DeVito was actually the first person officially cast. Douglas, who’d known him for nearly 10 years, brought Forman to see him play Martini on stage.

“Miloš said, ‘Yes! Danny! Perfect! Cast!’” Douglas said in his best Czech accent. “It was a big moment for Danny. But I always knew how talented he was.”

A Joyful Shoot

Though the film's themes are challenging, unlike many of its New Hollywood contemporaries it wasn’t a tortured shoot by any stretch. They had their annoyances (like Forman refusing to show the cast dailies) and more serious trials (they found out halfway through production that William Redfield was dying of leukemia), but for the most part it was fun.

“We were very serious about the work, because Miloš was very serious. And we had the material, Kesey’s work, and the reverence for that. We were not frivolous about it. But we did have a ball doing it,” DeVito said, laughing.

Part of that is because they filmed on location at a real state hospital in Salem, Oregon. Everyone stayed in the same motel and would board the same bus in the morning to get to set. It would have been hard not to bond and even harder if they hadn’t.

“There was full commitment,” Douglas said. “That comes when you don’t go home at night to your own lives. We stopped for lunch on the first day and I saw Jack kind of push his tray away and go outside to get some air. I said, ‘Jack, you OK?’ He said, ’Who are these guys? Nobody breaks character! It’s lunch time and they’re all acting the same way!'”

Not disproving Nicholson’s point, DeVito remembers he and the cast even asked if they could just sleep in the hospital.

“They wouldn’t let us,” DeVito said. “The floor above us had some seriously disturbed people who had committed murder.”

A lasting legacy

The film will be in theaters again on July 13 and July 16 from Fathom Entertainment. It’s a new 4K restoration from the Academy Film Archive and Teatro Della Pace Films with an introduction by Leonard Maltin.

“It’s a gorgeous print and reminds me how good the sound was,” Douglas said.

DeVito thinks it, “holds up in a really big way, because Miloš really was paying attention to all great things in the screenplay and the story originally.”

Besides the shock of “holy Toledo, am I that old?” DeVito said that it was a treasure to be part of — and he continues to see his old friends, including Douglas, Lloyd and, of course, Nicholson, who played the protagonist, R.P. McMurphy.

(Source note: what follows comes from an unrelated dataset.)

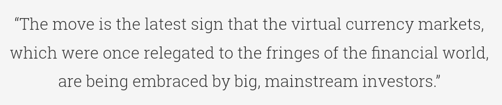 En mai, Intercontinental Exchange - la maison mère de la Bourse de New York - a révélé qu'elle est en train de développer un produit de cryptage qui permettrait aux investisseurs d'acheter directement Bitcoin. Parallèlement, Goldman Sachs a annoncé qu'il prévoyait également d'offrir Bitcoin Futures à ses clients.
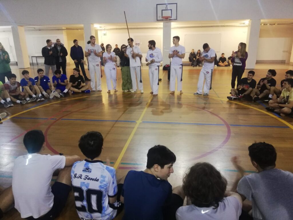 A demonstração foi promovida por vários elementos do grupo ABADÁ CAPOEIRA e teve a participação ativa dos alunos presentes.

One person Douglas thinks hasn’t gotten the proper attention for his contributions to “Cuckoo’s Nest” is producer Saul Zaentz, who died in 2014. His music company, Fantasy Records who had Creedence Clearwater Revival, funded the endeavor which started at a $1.6 million budget and ballooned to $4 million by the end. He was a gambler, Douglas said, and it paid off.

And whatever sour grapes might have existed between Douglas and his father, who played R.P. McMurphy on Broadway and dreamt of doing so on film, were perhaps over-exaggerated. It was ultimately important for their relationship.

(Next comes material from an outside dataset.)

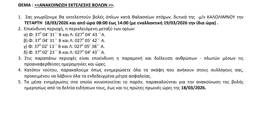 Βολές όπλων κατά θαλάσσιων στόχων πρόκειται να πραγματοποιηθούν δυτικά της νήσου “Καλόλιμνος την Τετάρτη 18 Μαρτίου 2026, σύμφωνα με σχετική ανακοίνωση των αρμόδιων αρχών.
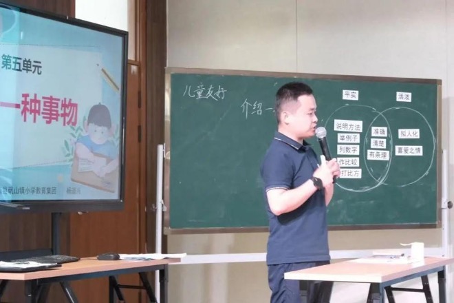 第三节课,苍南县矾山小学杨道兴老师执教《习作:介绍一种事物》。杨老师以“校园招募令”导入,让学生介绍学校儿童友好设施,提出习作要求。课堂上,学生在学习和对比两篇习作例文《鲸》和《风向袋的制作》中,进一步巩固不同说明文语言风格的特点,总结写说明文的方法。而后,以“乐高区”为例示范方法,让学生发散思维,小组讨论中完成不同设施介绍内容的思维导图。在此基础上,让学生借助资料,自行选择语言风格,尝试完成习作。布置课后作业,引导学生自主选择任务,完成说明文的习作巩固。

“McMurphy is as good a part as any actor is going to get, and I’m now far enough in my career to understand maybe you have four, maybe five good parts, really great parts. I’m sure for dad that was one of them,” Douglas said.

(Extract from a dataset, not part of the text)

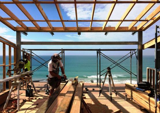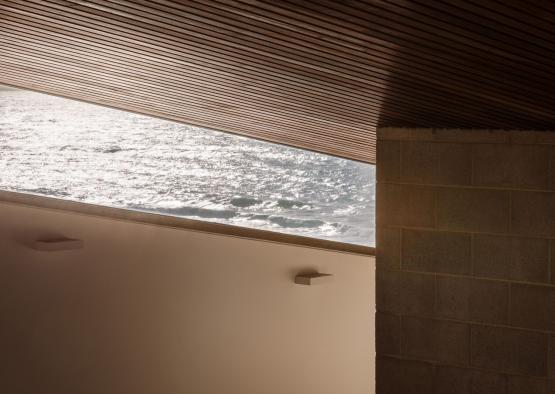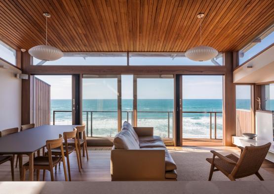 Strategically placed clerestory windows allow light to filter into the tall rooms, bathing the timber roof with light. Eye level windows create frames for the expansive views over the ocean beyond.

“To not be able to see it through was probably disappointing on one side. On the other, the fact that his son did it and the picture turned out so good? Thank God the picture turned out. It would have been a disaster if it hadn’t.”

Douglas added: “It was a fairy tale from beginning to end. I doubt anything else really came close to it. Even my Oscar for best actor years later didn’t really surpass that moment very early in my career.”